=== AIM OF THE EXERCISE ===
Repeat every line of the data exactly; the pictures stay out.

Extracted records:
:::
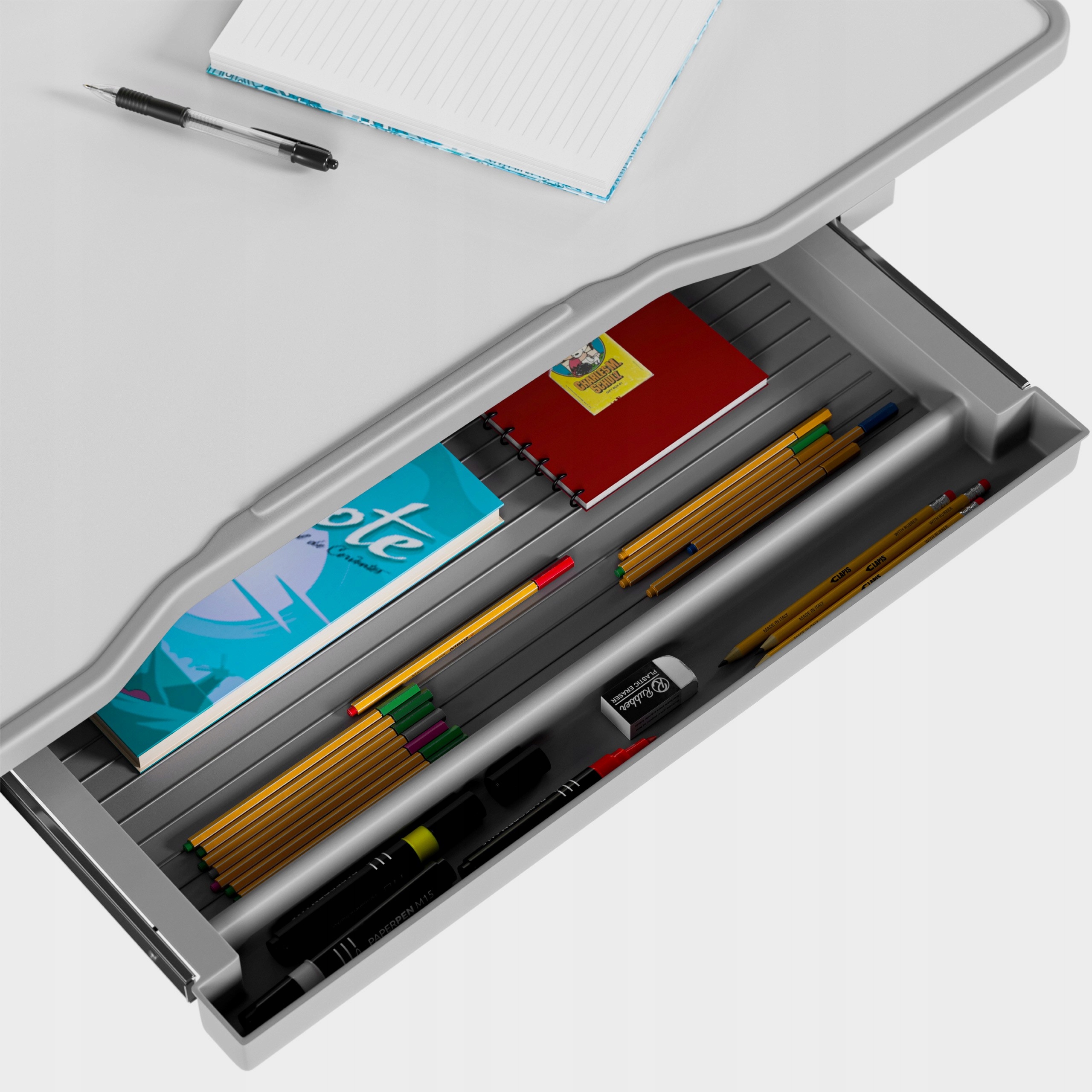 Столетняя столешница была покрыта специальным антирефлексивным покрытием, устраняя отражение света, благодаря которой ребенок может сосредоточиться на обучении без чрезмерных нарушений зрения. Чистое и упорядоченное рабочее пространство
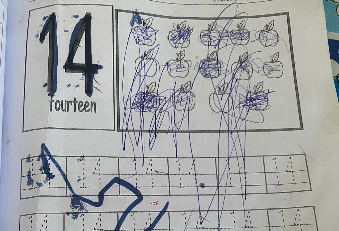Math worksheet with number 14 covered in blue scribbles showing child's writing fatigue.
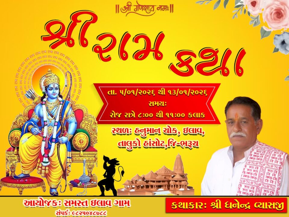 ભરૂચના હાંસોટ તાલુકાના ઇલાવ ગામે તારીખ 5 થી 13 જાન્યુઆરી દરમ્યાન સંગીતમય શ્રી રામ ચરિત માનસ કથાનું આયોજન કરવામાં આવ્યું છે જેમાં કથાકાર શ્રી ધનેન્દ્ર વ્યાસ અમૃતમય વાણીમાં કથાનું રસપાન કરાવશે.
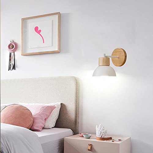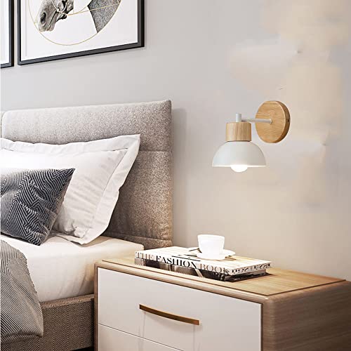 E27 Vintage Applique da Parete Interno Retro Metallo Legno Lampada Muro Lampada da Parete Lampada Muro Ferro per Camera da Letto Soggiorno Bagno Corridoio Sala da pranzo Ristorante, Bianca
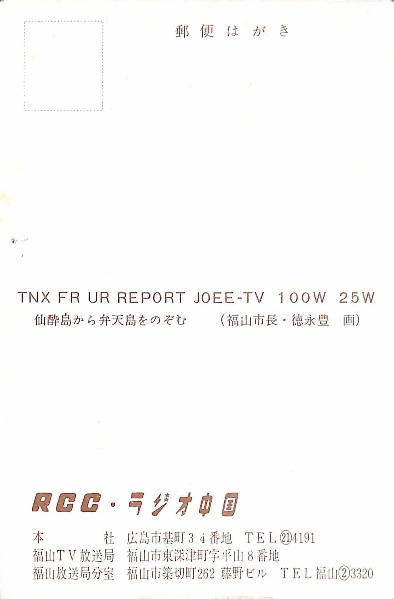 | 【商品名】・・・JOEE-TV(★ラジオ中国福山TV放送局★現RCC中国放送)のテレビ用ベリカード。 【コメント】・・・昭和30年代~40年代のベリカードは大変貴重です! 【国名・地名】・・・日本★広島県。 【受信データ】・・・1950年代(★昭和30年代)・VHF7CHを受信。 【記載事項】・・・未記入。 【状態】・・・シワ、汚れ、シミ、焼け、色あせ等があります。 ■カードの状態は★画像を参考に判断して下さい。 ■この機会にぜひこのベリカードを貴方のBCLコレクションに加えて下さい! | |
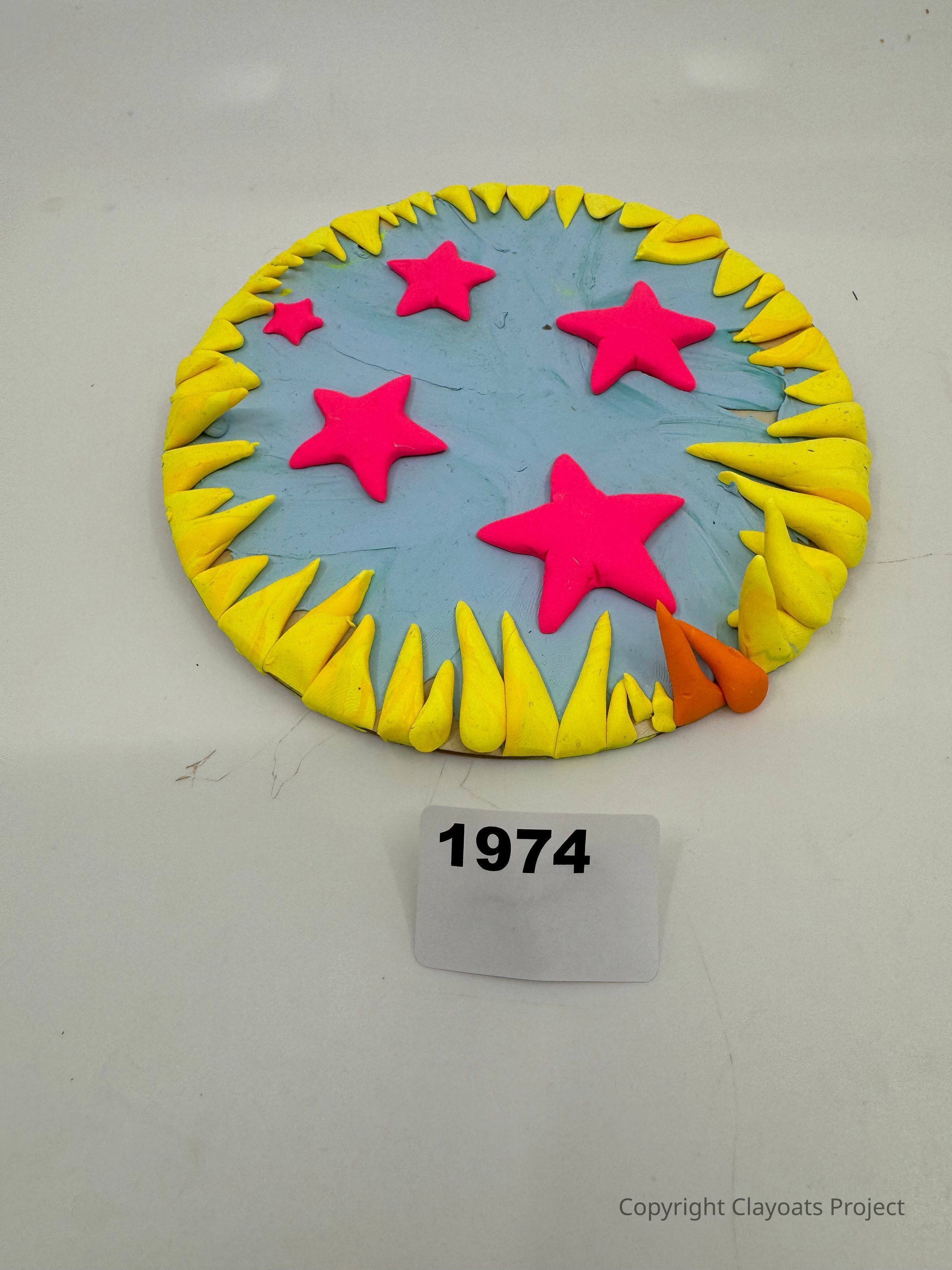 The image displays a circular clay creation with a blue base, surrounded by a sunburst pattern made from yellow clay around the edges. Bright pink stars, in varying sizes, are scattered across the blue surface. The texture appears smooth but slightly streaked, giving a handmade appearance.
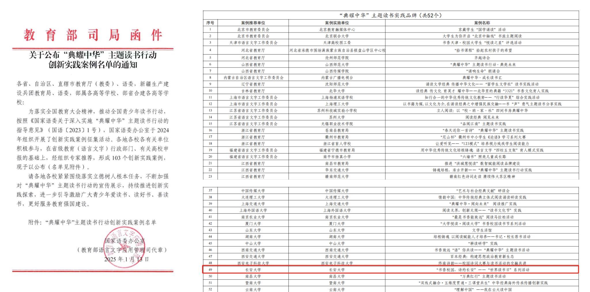近日,国家语委办公室印发《关于公布“典耀中华”主题读书行动创新实践案例名单的通知》,开云“书香校园,诗约长安”——“世界读书日”系列活动入选“典耀中华”主题读书实践品牌。
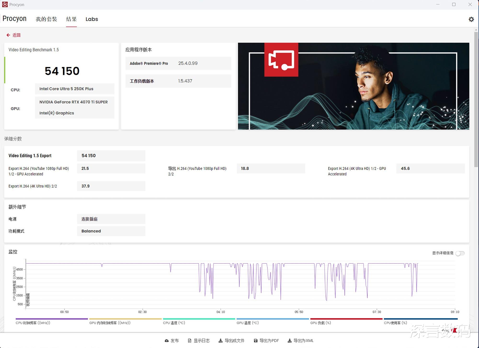 视频编辑测试项目中的得分为54545,由于新版本主要依靠独立显卡进行视频编解码,显卡性能直接影响最终结果,因此成绩仅供参考。
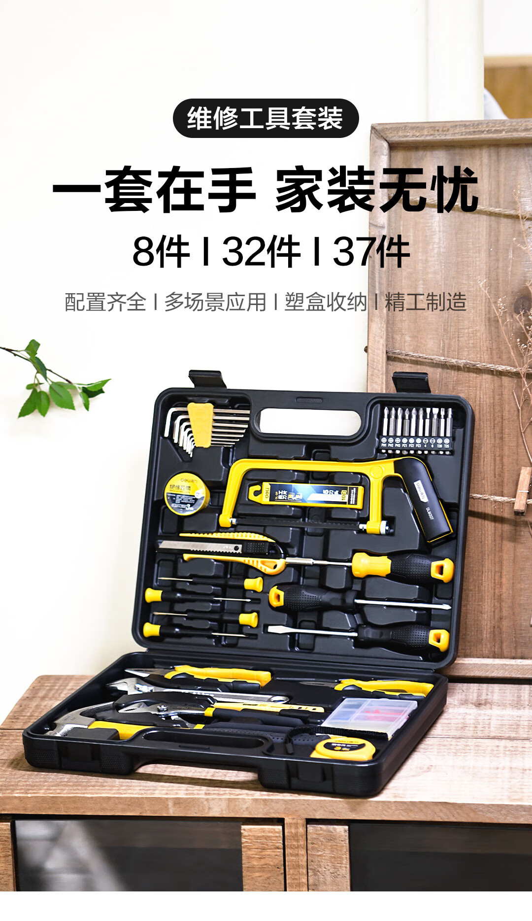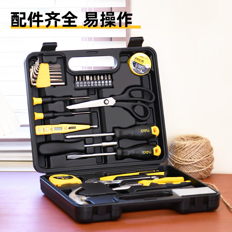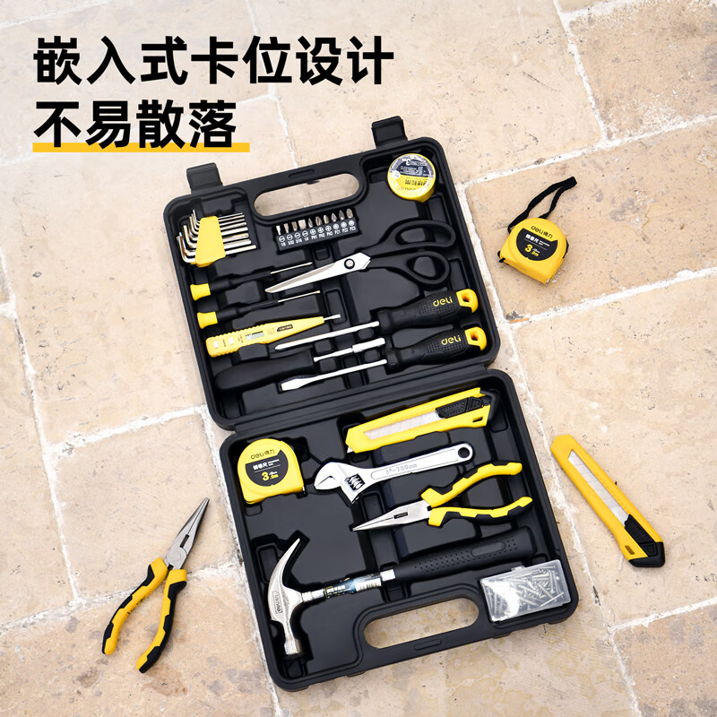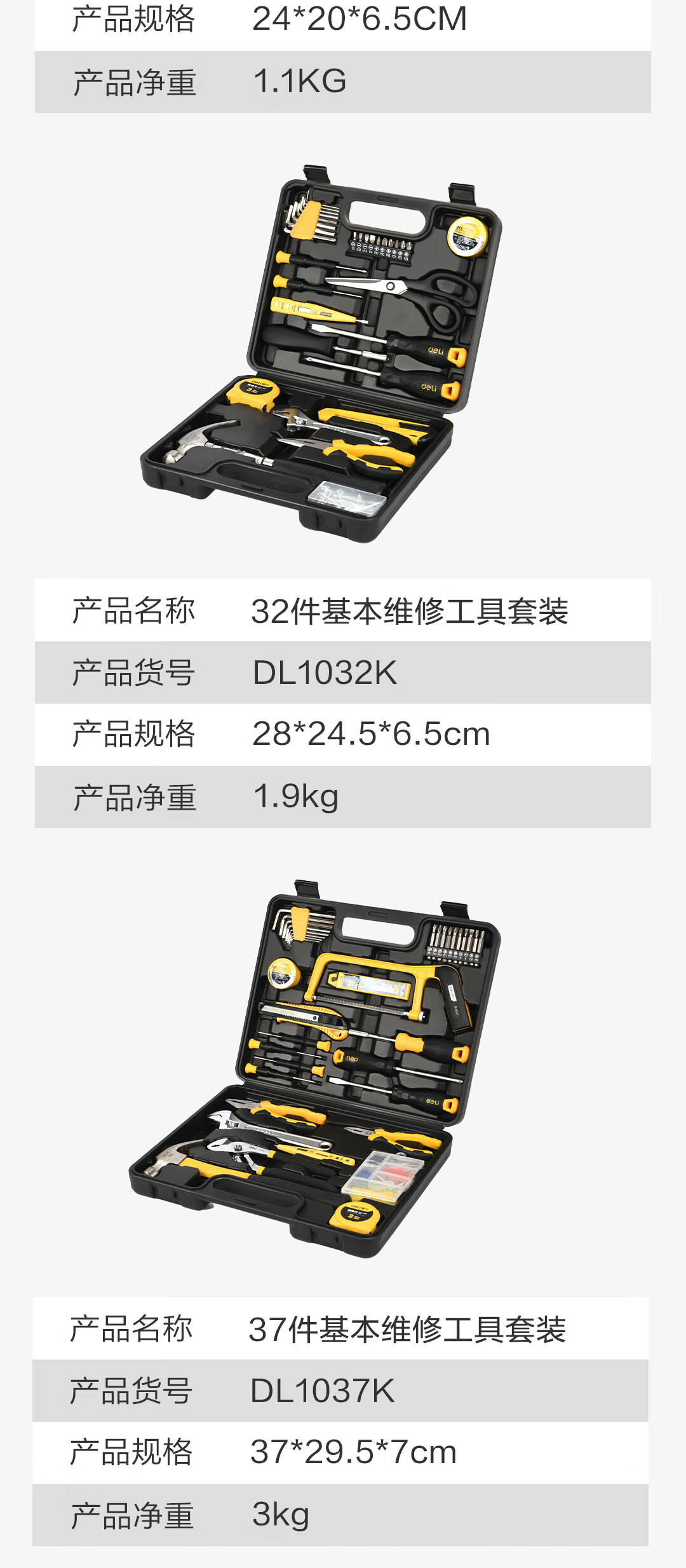 得力(deli)家用工具箱套装电工木工电讯维修组套五金手动工具套装32件套
:::
=== SOLUTION TO THE PROBLEM ===
 Столетняя столешница была покрыта специальным антирефлексивным покрытием, устраняя отражение света, благодаря которой ребенок может сосредоточиться на обучении без чрезмерных нарушений зрения. Чистое и упорядоченное рабочее пространство
Math worksheet with number 14 covered in blue scribbles showing child's writing fatigue.
 ભરૂચના હાંસોટ તાલુકાના ઇલાવ ગામે તારીખ 5 થી 13 જાન્યુઆરી દરમ્યાન સંગીતમય શ્રી રામ ચરિત માનસ કથાનું આયોજન કરવામાં આવ્યું છે જેમાં કથાકાર શ્રી ધનેન્દ્ર વ્યાસ અમૃતમય વાણીમાં કથાનું રસપાન કરાવશે.
 E27 Vintage Applique da Parete Interno Retro Metallo Legno Lampada Muro Lampada da Parete Lampada Muro Ferro per Camera da Letto Soggiorno Bagno Corridoio Sala da pranzo Ristorante, Bianca
 | 【商品名】・・・JOEE-TV(★ラジオ中国福山TV放送局★現RCC中国放送)のテレビ用ベリカード。 【コメント】・・・昭和30年代~40年代のベリカードは大変貴重です! 【国名・地名】・・・日本★広島県。 【受信データ】・・・1950年代(★昭和30年代)・VHF7CHを受信。 【記載事項】・・・未記入。 【状態】・・・シワ、汚れ、シミ、焼け、色あせ等があります。 ■カードの状態は★画像を参考に判断して下さい。 ■この機会にぜひこのベリカードを貴方のBCLコレクションに加えて下さい! | |
 The image displays a circular clay creation with a blue base, surrounded by a sunburst pattern made from yellow clay around the edges. Bright pink stars, in varying sizes, are scattered across the blue surface. The texture appears smooth but slightly streaked, giving a handmade appearance.
近日,国家语委办公室印发《关于公布“典耀中华”主题读书行动创新实践案例名单的通知》,开云“书香校园,诗约长安”——“世界读书日”系列活动入选“典耀中华”主题读书实践品牌。
 视频编辑测试项目中的得分为54545,由于新版本主要依靠独立显卡进行视频编解码,显卡性能直接影响最终结果,因此成绩仅供参考。
 得力(deli)家用工具箱套装电工木工电讯维修组套五金手动工具套装32件套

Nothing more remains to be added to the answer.